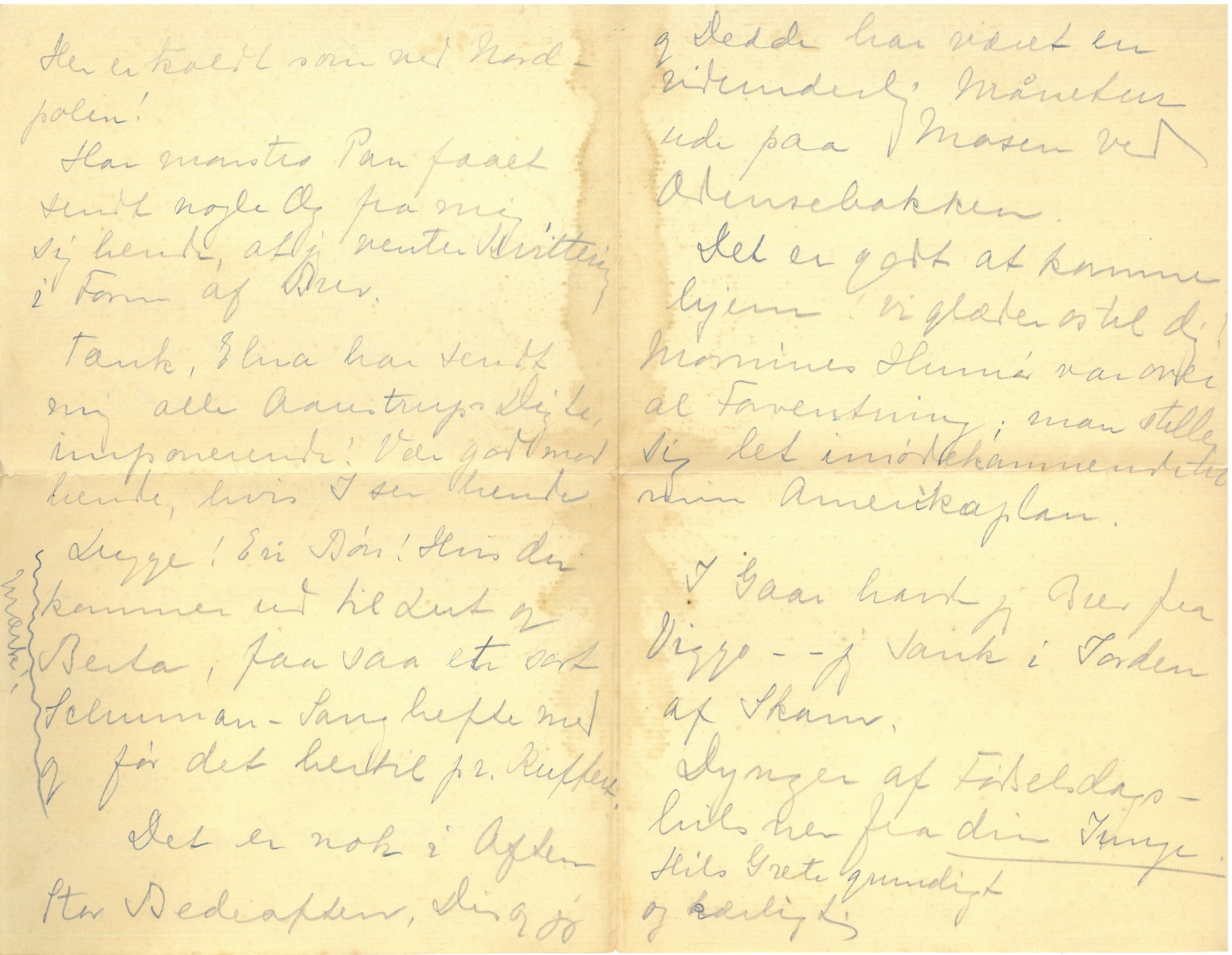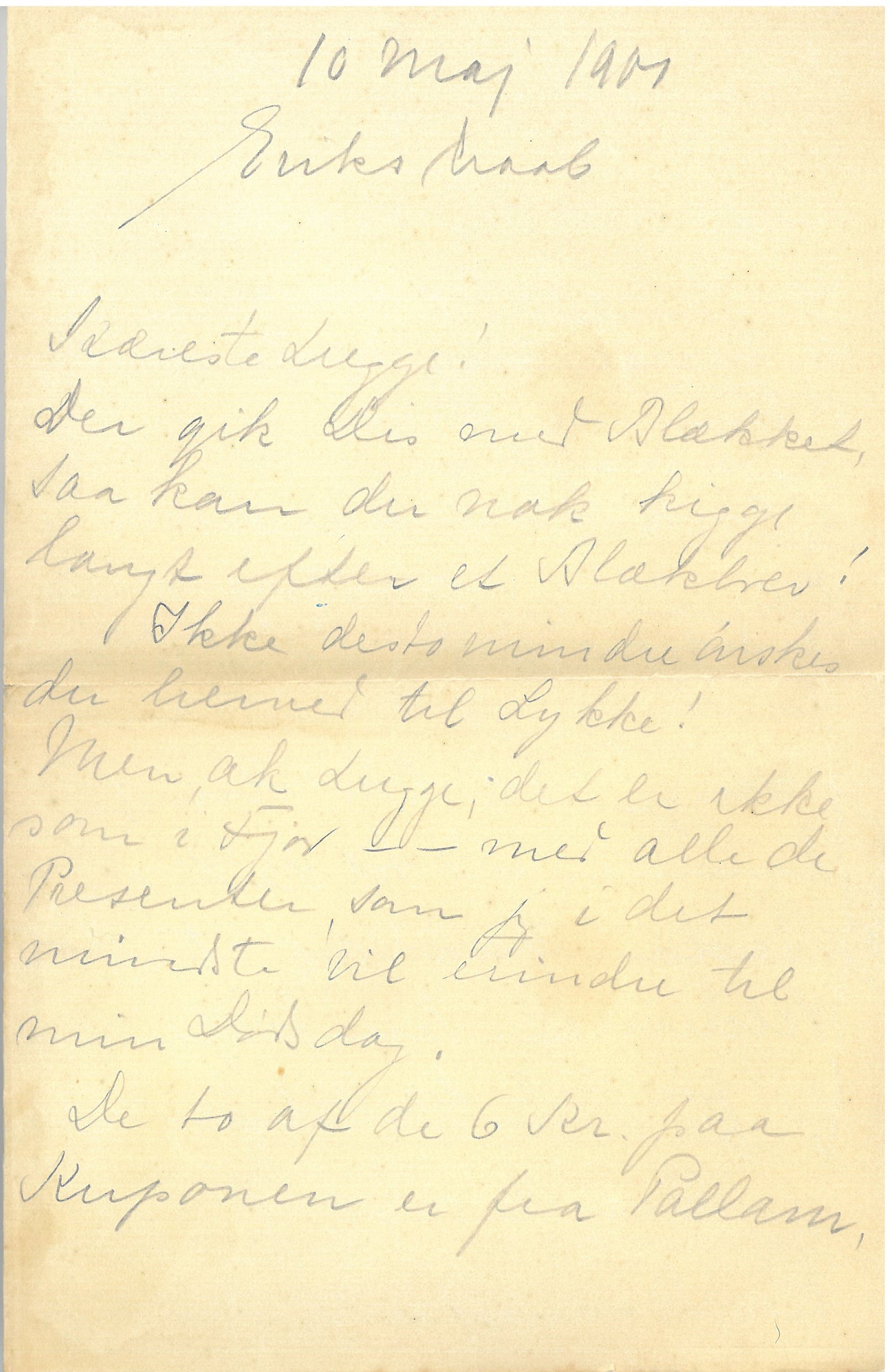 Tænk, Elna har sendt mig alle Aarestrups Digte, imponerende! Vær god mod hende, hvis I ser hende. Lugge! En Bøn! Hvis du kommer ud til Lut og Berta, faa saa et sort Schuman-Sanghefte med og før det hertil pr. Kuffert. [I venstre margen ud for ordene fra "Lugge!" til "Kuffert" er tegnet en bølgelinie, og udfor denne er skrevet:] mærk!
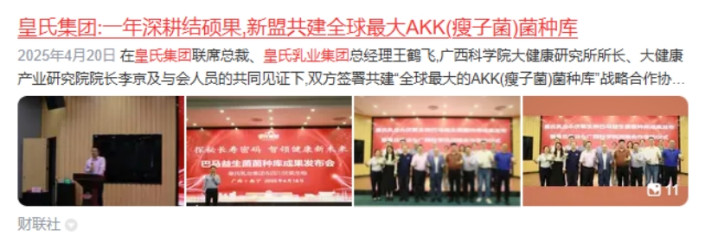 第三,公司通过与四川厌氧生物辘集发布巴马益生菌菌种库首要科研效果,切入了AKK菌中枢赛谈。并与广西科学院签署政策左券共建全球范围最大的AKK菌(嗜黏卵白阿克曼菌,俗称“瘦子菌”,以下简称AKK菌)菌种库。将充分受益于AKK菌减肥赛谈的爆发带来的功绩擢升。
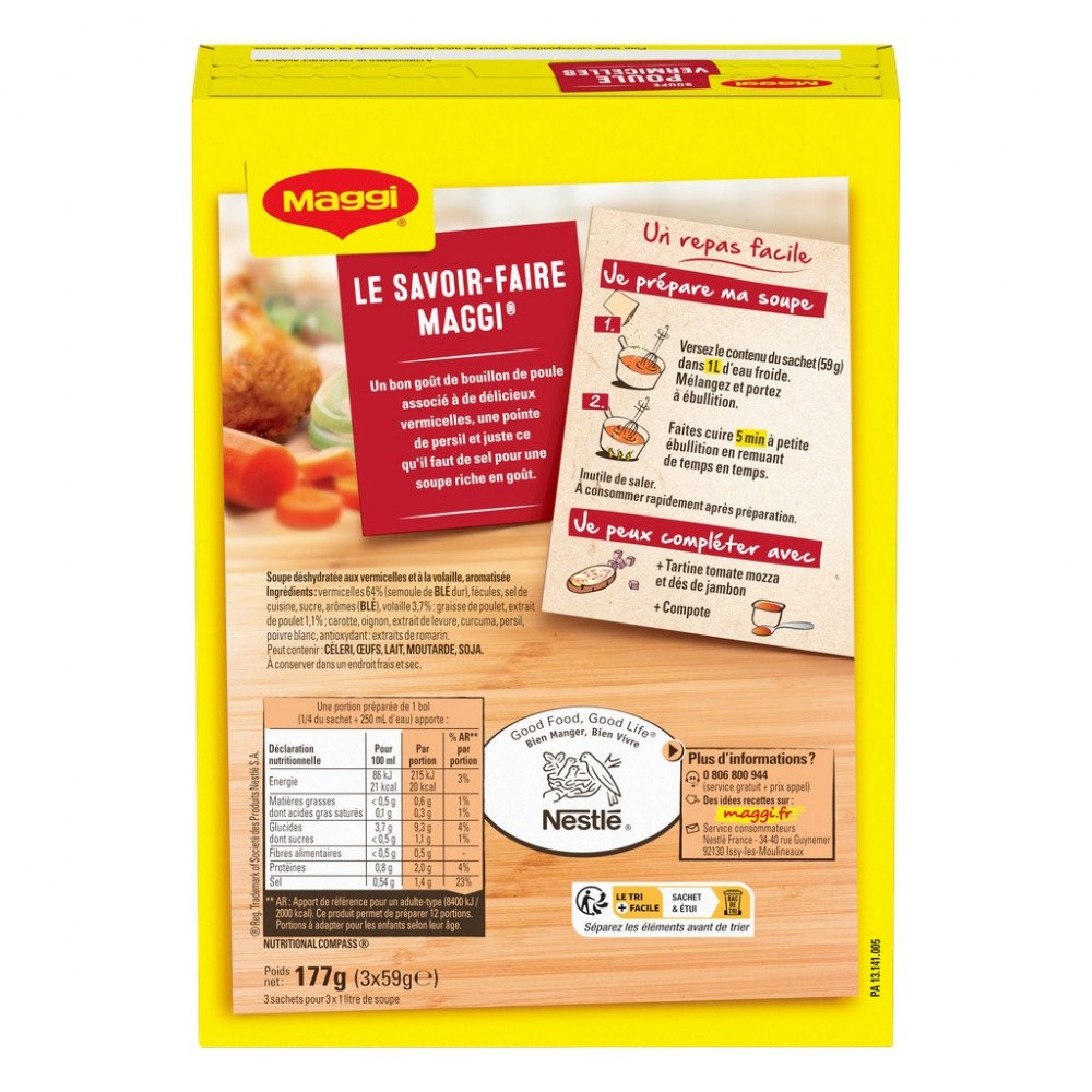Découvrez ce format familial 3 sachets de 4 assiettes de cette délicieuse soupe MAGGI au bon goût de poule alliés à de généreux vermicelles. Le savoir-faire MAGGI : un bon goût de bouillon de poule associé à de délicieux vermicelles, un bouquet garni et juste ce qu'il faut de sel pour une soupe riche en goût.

=====

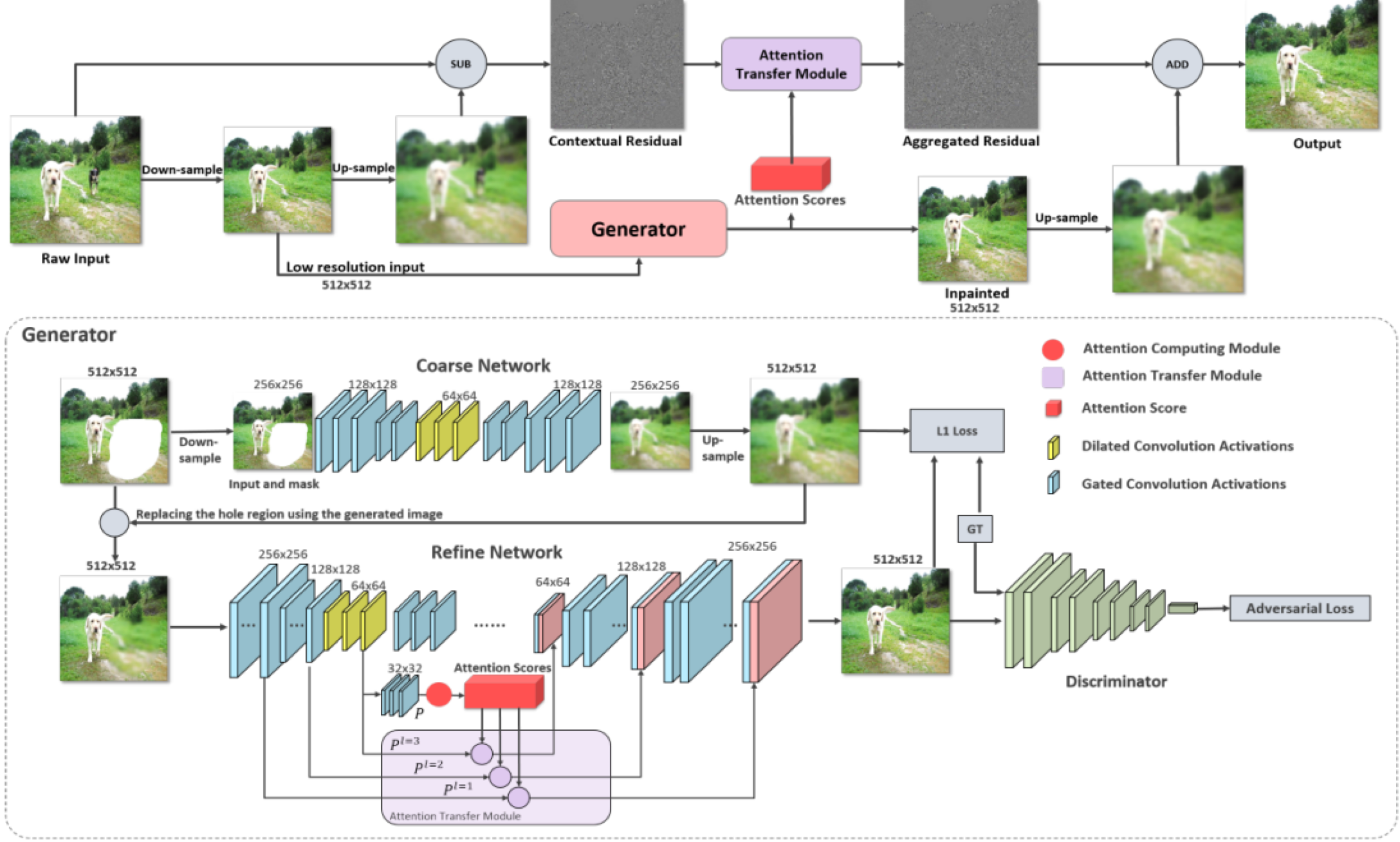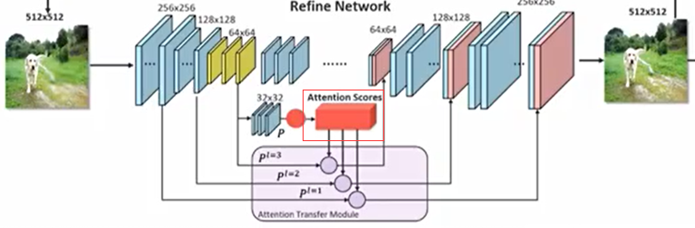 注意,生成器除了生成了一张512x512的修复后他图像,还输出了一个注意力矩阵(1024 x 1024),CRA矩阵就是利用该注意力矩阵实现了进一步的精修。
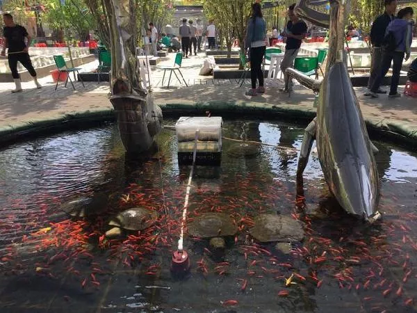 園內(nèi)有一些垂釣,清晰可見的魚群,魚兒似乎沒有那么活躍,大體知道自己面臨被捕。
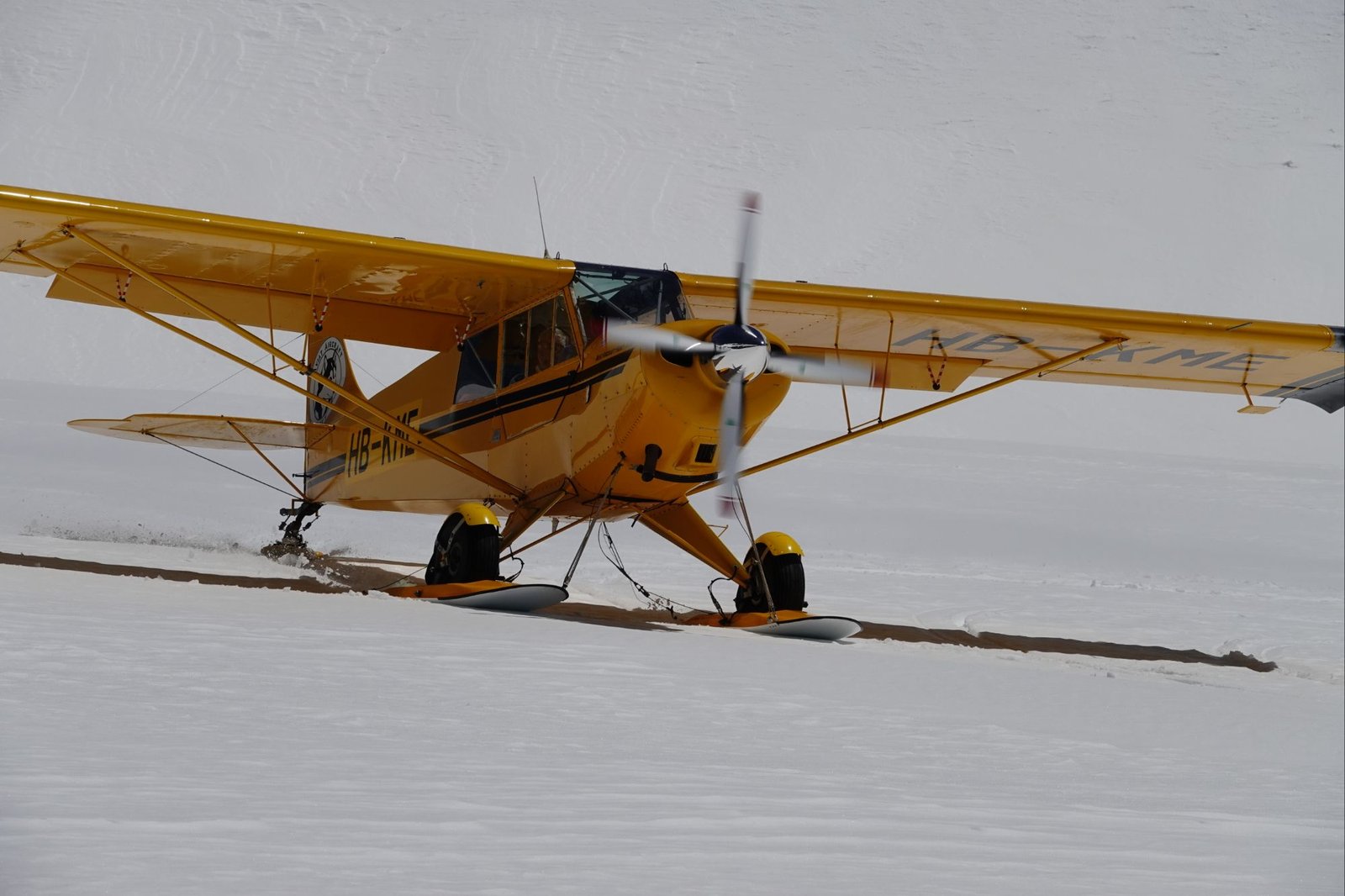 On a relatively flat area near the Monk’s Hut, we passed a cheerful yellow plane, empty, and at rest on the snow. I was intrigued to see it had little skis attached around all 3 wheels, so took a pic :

=====

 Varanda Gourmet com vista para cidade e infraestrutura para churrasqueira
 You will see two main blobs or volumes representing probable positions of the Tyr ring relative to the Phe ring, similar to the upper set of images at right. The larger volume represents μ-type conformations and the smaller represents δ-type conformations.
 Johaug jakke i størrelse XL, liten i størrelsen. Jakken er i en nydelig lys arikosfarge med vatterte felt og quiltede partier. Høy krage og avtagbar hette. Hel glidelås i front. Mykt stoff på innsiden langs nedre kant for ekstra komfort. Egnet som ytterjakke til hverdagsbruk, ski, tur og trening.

=====

* THE PROBLEM:
Please copy the lines above exactly, starting at the line that holds "Tænk, Elna har" and ending at the line that holds "Découvrez ce format"; include both, but no pictures.

* OUTPUT FOR THIS EXERCISE:
 Tænk, Elna har sendt mig alle Aarestrups Digte, imponerende! Vær god mod hende, hvis I ser hende. Lugge! En Bøn! Hvis du kommer ud til Lut og Berta, faa saa et sort Schuman-Sanghefte med og før det hertil pr. Kuffert. [I venstre margen ud for ordene fra "Lugge!" til "Kuffert" er tegnet en bølgelinie, og udfor denne er skrevet:] mærk!
 第三,公司通过与四川厌氧生物辘集发布巴马益生菌菌种库首要科研效果,切入了AKK菌中枢赛谈。并与广西科学院签署政策左券共建全球范围最大的AKK菌(嗜黏卵白阿克曼菌,俗称“瘦子菌”,以下简称AKK菌)菌种库。将充分受益于AKK菌减肥赛谈的爆发带来的功绩擢升。
Découvrez ce format familial 3 sachets de 4 assiettes de cette délicieuse soupe MAGGI au bon goût de poule alliés à de généreux vermicelles. Le savoir-faire MAGGI : un bon goût de bouillon de poule associé à de délicieux vermicelles, un bouquet garni et juste ce qu'il faut de sel pour une soupe riche en goût.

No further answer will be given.